Records from a dataset:
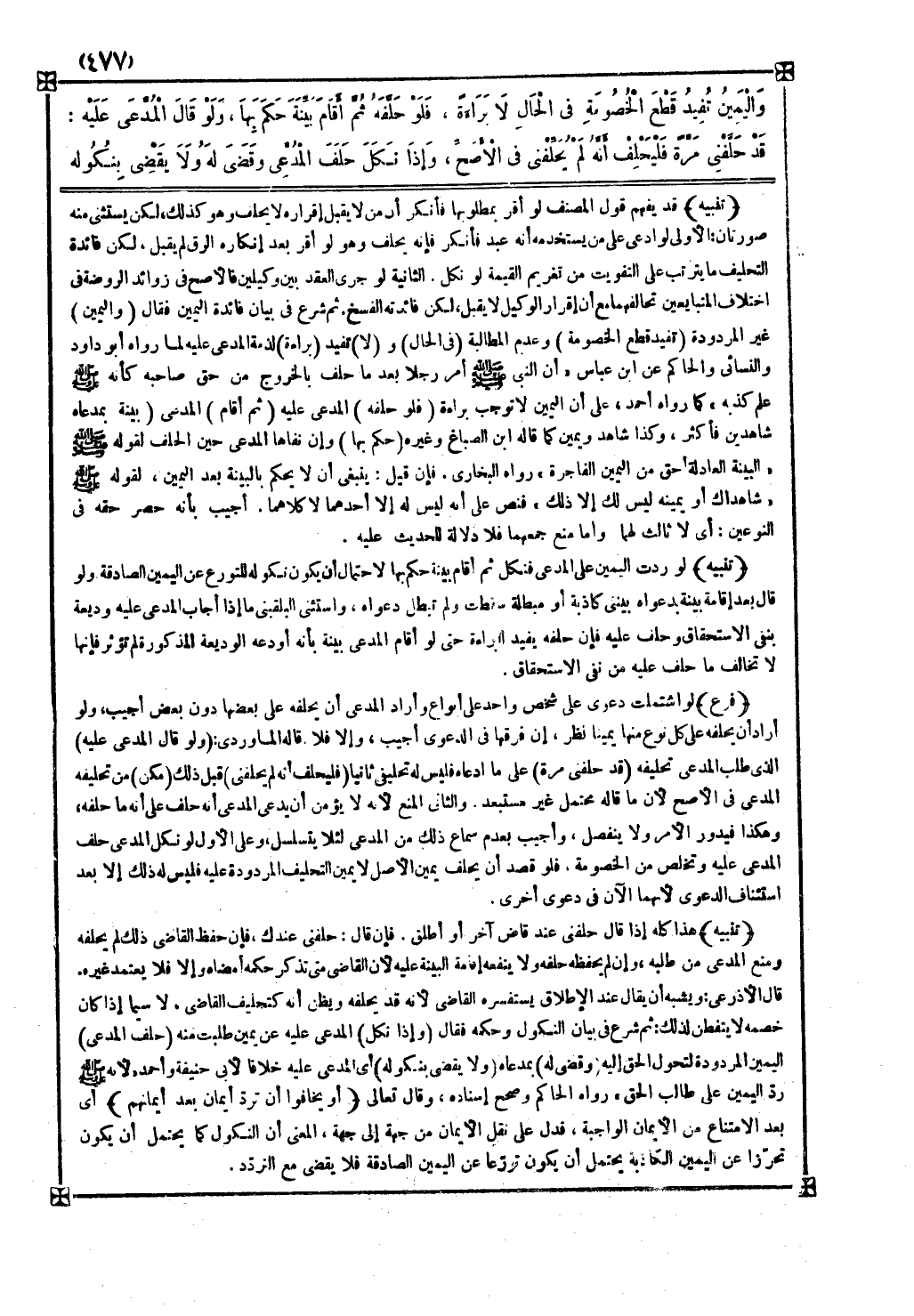 ثم شرع في بيان فائدة اليمين فقال ( واليمين ) غير المردودة ( تفيد قطع الخصومة ) وعدم المطالبة ( في الحال ) و ( لا ) تفيد ( براءة ) لذمة المدعى عليه لما رواه أبو دواد والنسائي والحاكم عن ابن عباس أن النبي صلى الله عليه وسلم أمر رجلا بعد ما حلف بالخروج من حق صاحبه كأنه صلى الله عليه وسلم علم كذبه كما رواه أحمد
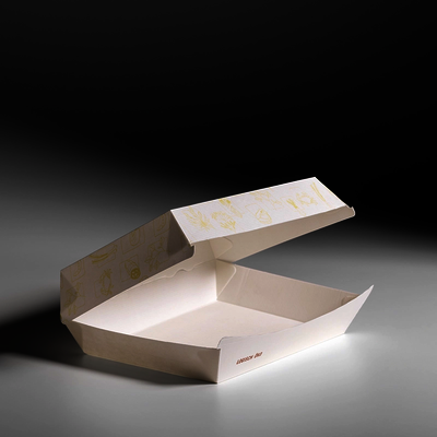 Praktische Pommesbox aus innovativem HT-Board®, die Design mit Nachhaltigkeit verbindet und eine perfekte Alternative zu Alu- und Frischhaltefolien darstellt. Hergestellt in Europa und geeignet für kalte, heiße, halbflüssige und gefrorene Speisen.
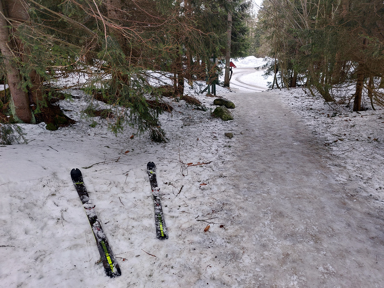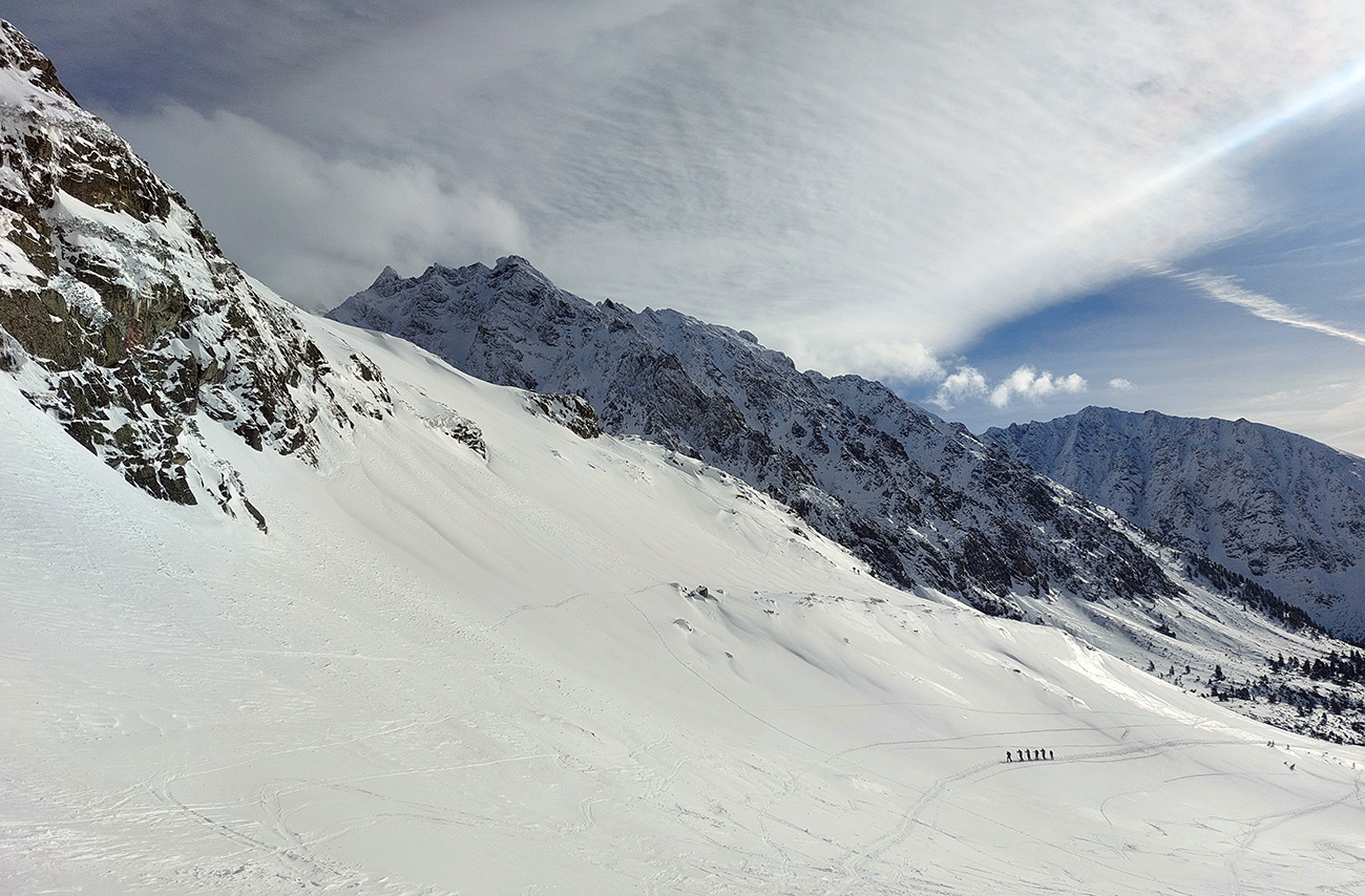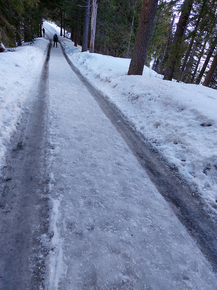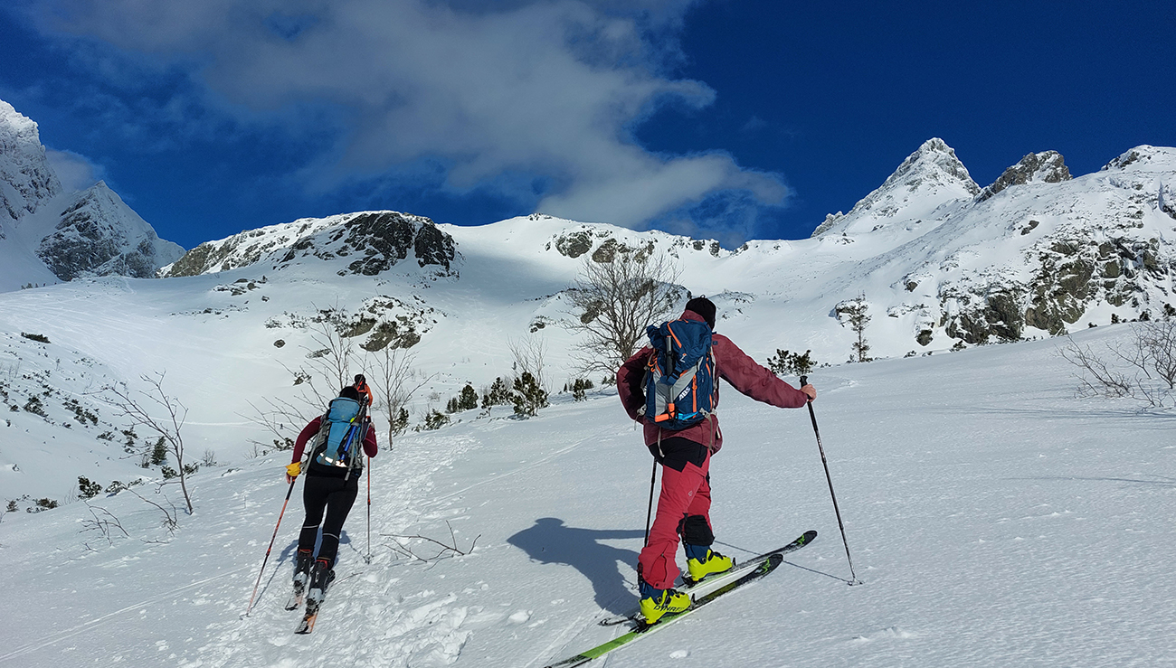 Táto superteplá zima núti ísť za snehom stále vyššie, ale stále sa dá nájsť aj ten dobrý. Tatry sú záchrana a teraz po prepršanom piatku a čiastočne aj sobote (aj vo výške Štrbského plesa) prišla jasná noc, tak sme ráno naskakovali do lyží pod Triganom (smer Popradské pleso) na betónový, viac hnedý ako biely, a poriadne hlučný podklad. Ale stále sa dá od smerovníka pri ceste. Zimný chodník (najmä zjazdík spod Triganu) ľadový, utrpenie pre pásy. Kúsok po ceste na Popradské ples – čistý ľad. Rachot spod lyží sa začal konečne zmierňovať až pri stúpaní lesom do Mengusovskej. A začali sa otvárať aj pohľady na čerstvé a poriadne veľké splazy až malé lavínky pod Patriou. Ktoré sa ale nedoplazili až na letný chodník, tak vyzeral byť bezpečný. Čo mohlo a malo, hádam už spadlo:
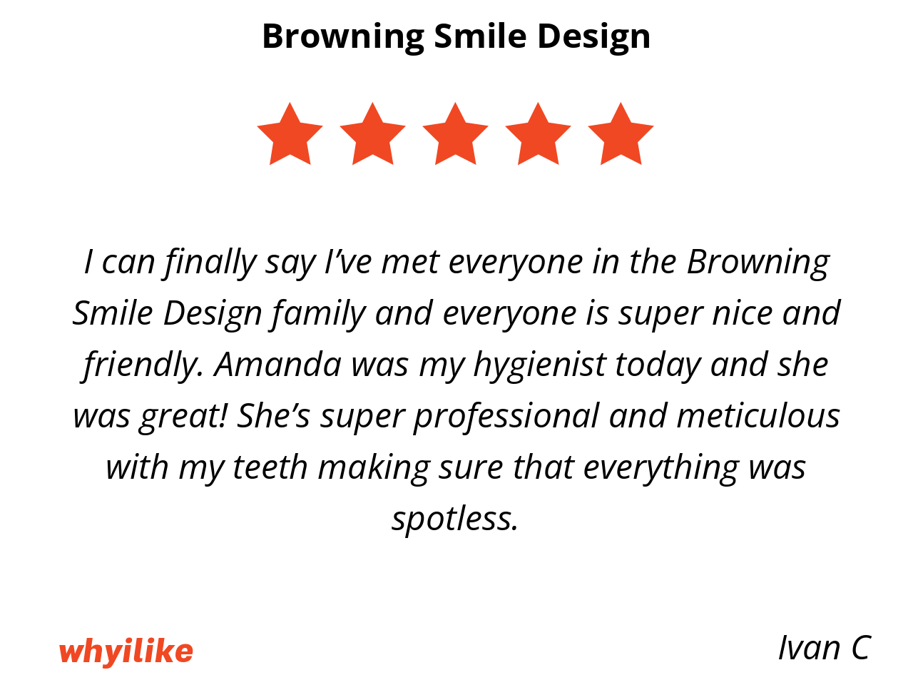 I can finally say I’ve met everyone in the Browning Smile Design family and everyone is super nice and friendly. Amanda was my hygienist today and she was great! She’s super professional and meticulous with my teeth making sure that everything was spotless.
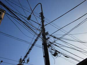 Хитроумно сплетённые провода опутали город, совсем его не украшая.
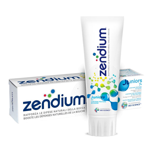 Zubní pasta Zendium JUNIOR, určená pro děti od 7-ti let, intenzivně chrání dětské zuby pomocí enzymů a proteinů, čímž zajišťuje intenzivní ochranu dětských úst.
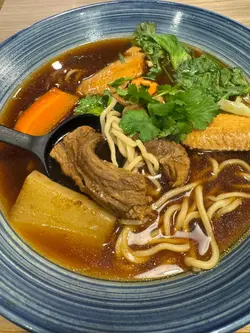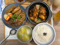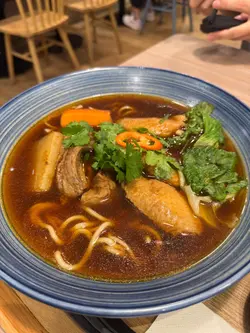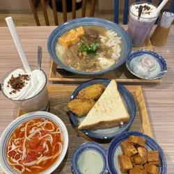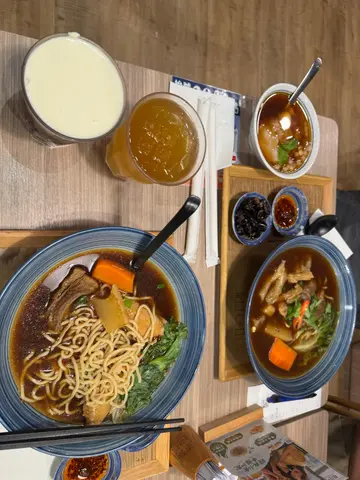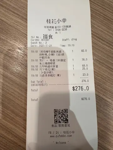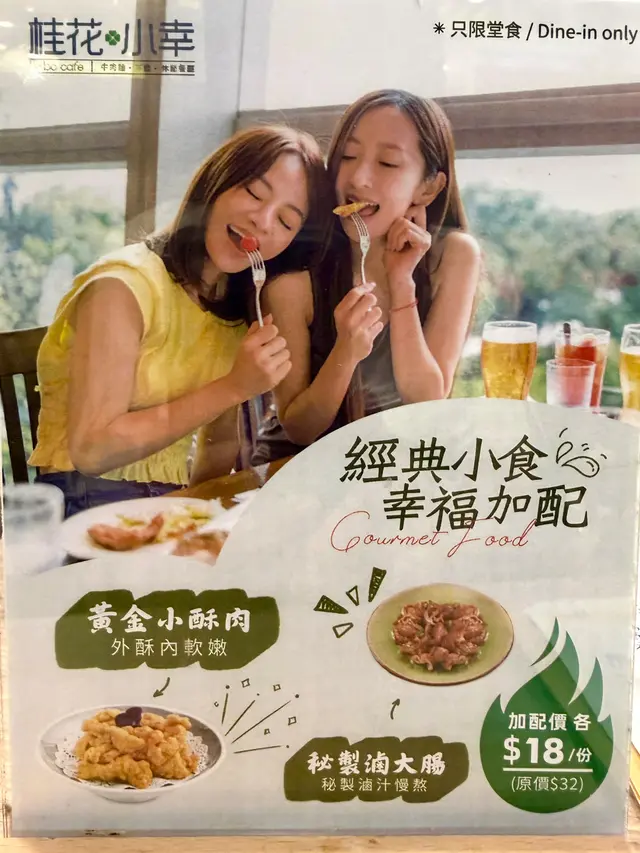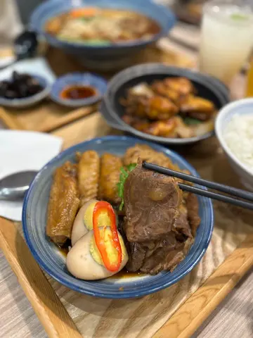 這天晚上去了吃桂花小幸,餐廳名字很美唷~是一間吃台灣菜的餐廳,還有售賣多款珍珠奶茶等的台式飲品。用上木系的裝潢,櫃上有一些書本,帶一點休閒的感覺。我們二人就各點了一個主食,另外點了一個小食和兩杯飲品。♡三盛台灣牛肉麵$88 🥢必點🥢有腱心牛肉、牛腩、牛筋,還有幾款湯底可以選擇,我們就選了養生清燉牛肉湯,味道帶點藥膳味道。還有微辣的紅燒牛肉湯和清雞湯等可供選擇。♡鹽酥雞排滷肉飯64雞排已經貼心切好一件件,方便客人進食,而且啖啖肉很大塊,再配上滷肉飯十分香口。♡台式小食拼盤$68拼盤有炸花枝丸、桂花雞翼、炸餃子、地瓜薯條,不過當日地瓜薯條賣完了,餐廳就幫我轉了做甜不辣。拼盤類我最喜歡雞翼,炸得很香脆,炸花枝丸也不錯,很大粒。·🧋飲品都可以除個人口味調教甜度,兩杯飲品我都點了少甜少冰。♡黑糖珍珠鮮奶$23黑糖的甜味配上珍珠可以當是晚餐後的一道甜品。♡雲頂紅霞$24由伯爵紅茶、厚奶、堅果雲頂調製而成,我喜歡堅果雲頂的口感綿密,還有堅果碎帶來的口感,整杯都帶有伯爵紅茶的香味。

Exercise: Please repeat, with no pictures, each line from the start of the records above through the line with "Praktische Pommesbox aus", inclusive, and only those.

Completed task:
 ثم شرع في بيان فائدة اليمين فقال ( واليمين ) غير المردودة ( تفيد قطع الخصومة ) وعدم المطالبة ( في الحال ) و ( لا ) تفيد ( براءة ) لذمة المدعى عليه لما رواه أبو دواد والنسائي والحاكم عن ابن عباس أن النبي صلى الله عليه وسلم أمر رجلا بعد ما حلف بالخروج من حق صاحبه كأنه صلى الله عليه وسلم علم كذبه كما رواه أحمد
 Praktische Pommesbox aus innovativem HT-Board®, die Design mit Nachhaltigkeit verbindet und eine perfekte Alternative zu Alu- und Frischhaltefolien darstellt. Hergestellt in Europa und geeignet für kalte, heiße, halbflüssige und gefrorene Speisen.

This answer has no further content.